Task description: All that is needed is an exact copy of the lines from the beginning of the data below through the line containing "5.本書依照教育部公佈之國中", minus the pictures.

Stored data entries
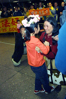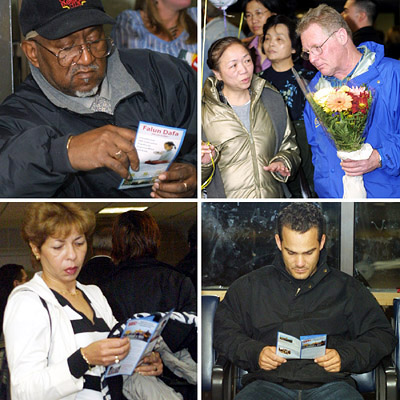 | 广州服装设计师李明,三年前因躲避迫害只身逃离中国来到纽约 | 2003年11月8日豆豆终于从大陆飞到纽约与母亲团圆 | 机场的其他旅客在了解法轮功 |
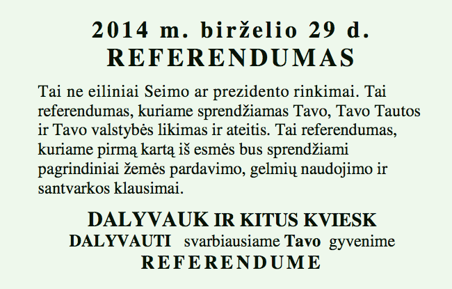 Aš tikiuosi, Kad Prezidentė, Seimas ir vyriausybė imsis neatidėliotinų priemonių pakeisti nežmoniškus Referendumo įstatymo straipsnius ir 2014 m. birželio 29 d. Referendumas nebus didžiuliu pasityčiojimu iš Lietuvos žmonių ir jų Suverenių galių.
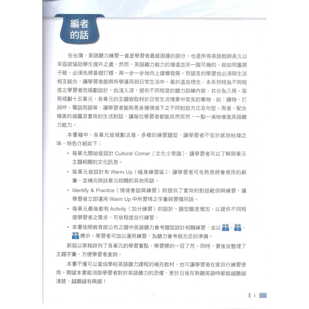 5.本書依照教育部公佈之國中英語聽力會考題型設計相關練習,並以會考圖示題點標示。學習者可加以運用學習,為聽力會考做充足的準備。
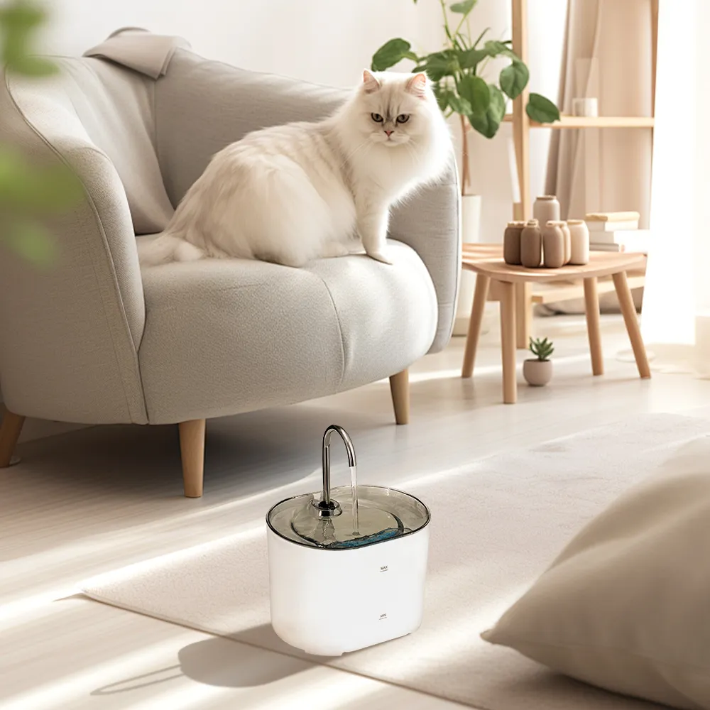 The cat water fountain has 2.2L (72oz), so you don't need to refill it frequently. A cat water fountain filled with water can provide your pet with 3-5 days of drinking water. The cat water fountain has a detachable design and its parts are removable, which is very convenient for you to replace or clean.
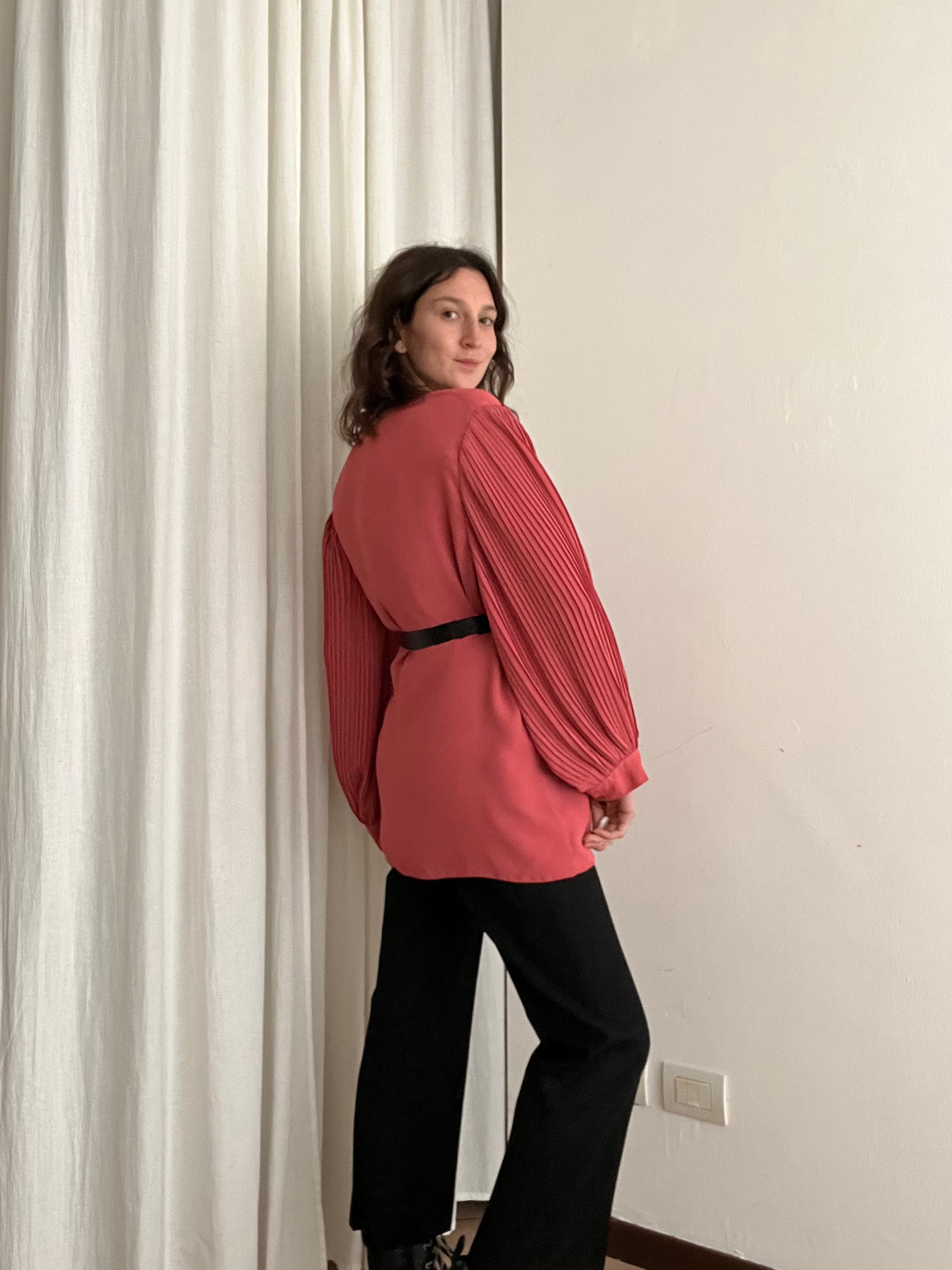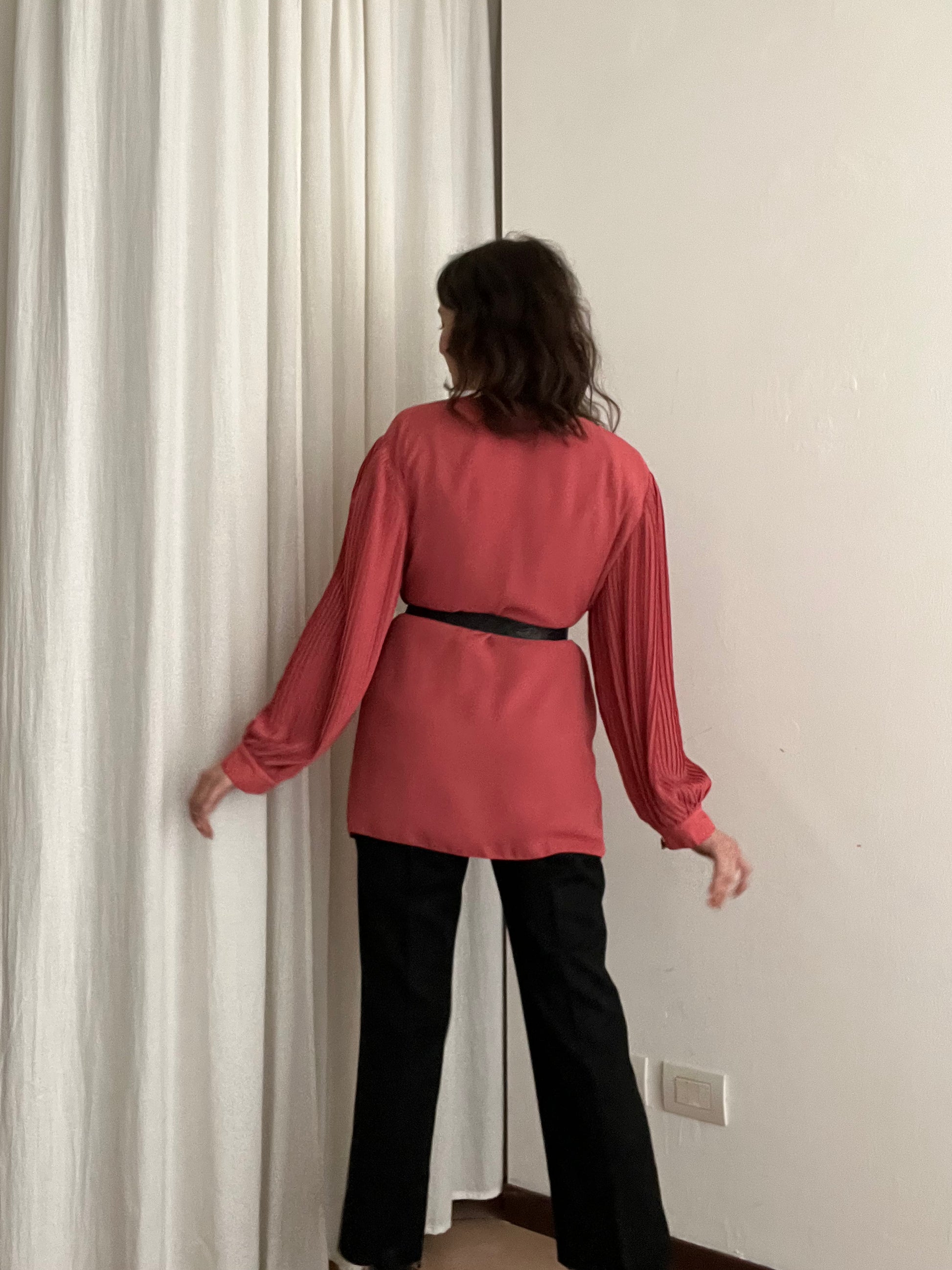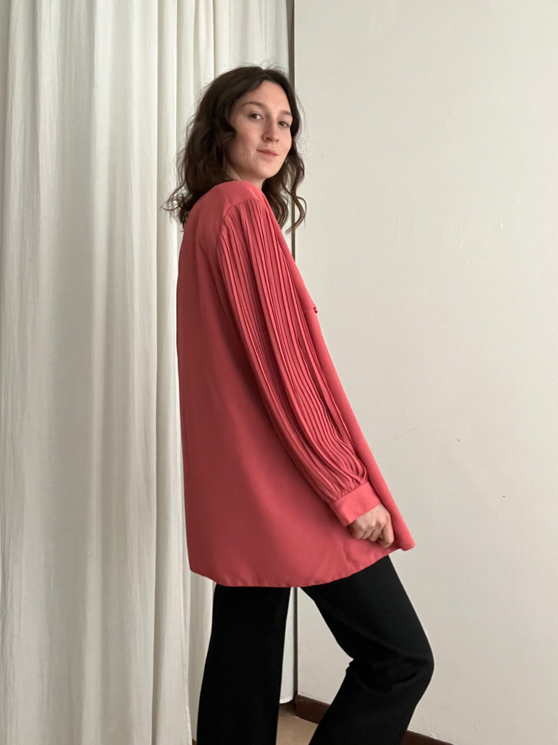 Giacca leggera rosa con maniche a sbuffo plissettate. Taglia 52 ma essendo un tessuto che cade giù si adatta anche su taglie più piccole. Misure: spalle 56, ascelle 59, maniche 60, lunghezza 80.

Answer to the exercise:
 | 广州服装设计师李明,三年前因躲避迫害只身逃离中国来到纽约 | 2003年11月8日豆豆终于从大陆飞到纽约与母亲团圆 | 机场的其他旅客在了解法轮功 |
 Aš tikiuosi, Kad Prezidentė, Seimas ir vyriausybė imsis neatidėliotinų priemonių pakeisti nežmoniškus Referendumo įstatymo straipsnius ir 2014 m. birželio 29 d. Referendumas nebus didžiuliu pasityčiojimu iš Lietuvos žmonių ir jų Suverenių galių.
 5.本書依照教育部公佈之國中英語聽力會考題型設計相關練習,並以會考圖示題點標示。學習者可加以運用學習,為聽力會考做充足的準備。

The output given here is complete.